The advantage of separating the construction from solving the system is that the decomposition can be reused for multiple systems. The .solve() method can also be called with a matrix as input. This will solve the system for each column in the matrix. As the following code illustrates:

std::MatrixXd A(10, 10);
A.setRandom();

std::MatrixXd b(10, 10);
b.setRandom();

std::FullPivLU<MatrixXd> ldlt(A);
MatrixXd x = ldlt.solve(b);

utils::print("The solution is:\n", x);

This produces the following output:

The solution is:
[[  1.18453,  -0.410319,  -0.623361,  -0.321932, -0.0895882,  0.0497296,  -0.648823,   0.124508,   0.493074,   0.480588],
 [ 0.535632,  0.0616908,   -0.28512,  -0.318507, 0.00406816,  0.0258458, -0.0848685,  -0.477436,    1.24756,   0.838648],
 [-0.0107144,  -0.367311,   0.244476,   0.137709,  -0.815272,  -0.280075,  -0.628219,   0.208019,  -0.206337,  -0.640611],
 [  -2.13074,    1.62113, -0.0941863,       1.03,   -0.03775,    1.03846,   0.293851,    1.14827,   -3.90631,   -1.16682],
 [  0.879087,   0.477271,   -1.28075,    1.28879,    2.52322,    -1.4507,    1.27269,  -0.578986,    0.24615,    2.08061],
 [ -0.732436,  -0.704311,    1.06786,  -0.596086,    -2.3671,    1.43309,   -1.39648,  0.0979355,  -0.356579,   -1.55783],
 [  0.127638,  -0.668733,  -0.507232, -0.0496553,   0.521617,   0.220945,   -0.16289,  -0.664471,    1.69368,   0.876999],
 [ -0.569963, -0.0353519,  -0.507716,  0.0109401,   0.415603,   0.829978,  -0.209561,  0.0241958,  -0.291877, -0.0407887],
 [  -2.30094,    1.32775,  -0.272818,   0.388941,   -0.53578,    1.08094,   0.510719,   0.903556,   -4.88332,   -1.75593],
 [   1.01693,   0.242351,  -0.251851,   -1.13456,    0.28466,  -0.149436,   -0.17369,   0.721883,   0.108984,  0.0144817]]

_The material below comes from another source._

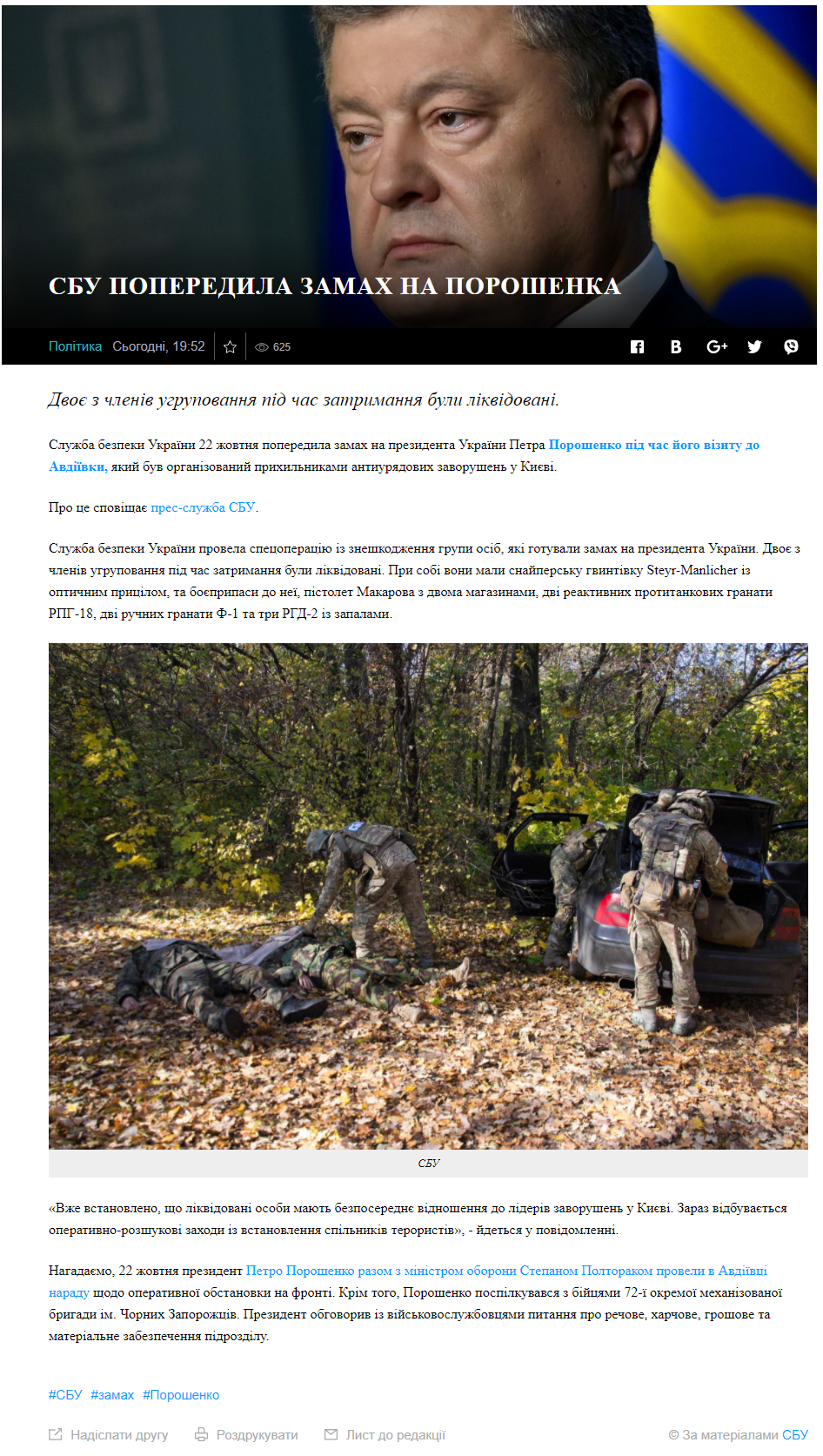 В нем указывалось, что группировка террористов планировала осуществить нападение во время поездки Порошенко в Авдеевку Донецкой области 22 октября. Но заговорщиков "накрыли" СБУшники. И в ходе спецоперации по задержанию членов бандформирования двух из них ликвидировали. Общее количество участников ОПГ в информации не конкретизировалось. Но фигурировали данные об изъятом у них арсенале.

Best Practices and Integration

In many cases you will have to use Eigen together with other libraries and frameworks. This section will give some advice on how to do this.

Returning Matrices from functions

The preferred way of returning Eigen-arrays from functions is to return them by value. Eigen in combination with C++ return value optimisation will provide mechanism to avoid unnecessary copying of the returned matrix. An example of this is given below:

Eigen::MatrixXd foo()
{
    Eigen::MatrixXd A(10, 10);
    A.setRandom();
    return A;
}

int main()
{
    Eigen::MatrixXd B = foo();
    utils::print(B);
}

Passing Matrices to functions

If you really want to make sure no copying is performed it is recommended to pass the Eigen-array as a parameter to the function. This is shown in the following example:

void bar(const Eigen::MatrixXd& A)
{
    utils::print(A);
}

int main()
{
    Eigen::MatrixXd B(10, 10);
    B.setRandom();
    bar(B);
}

Note

The const keyword is used to indicate that the matrix can not be modified in the function.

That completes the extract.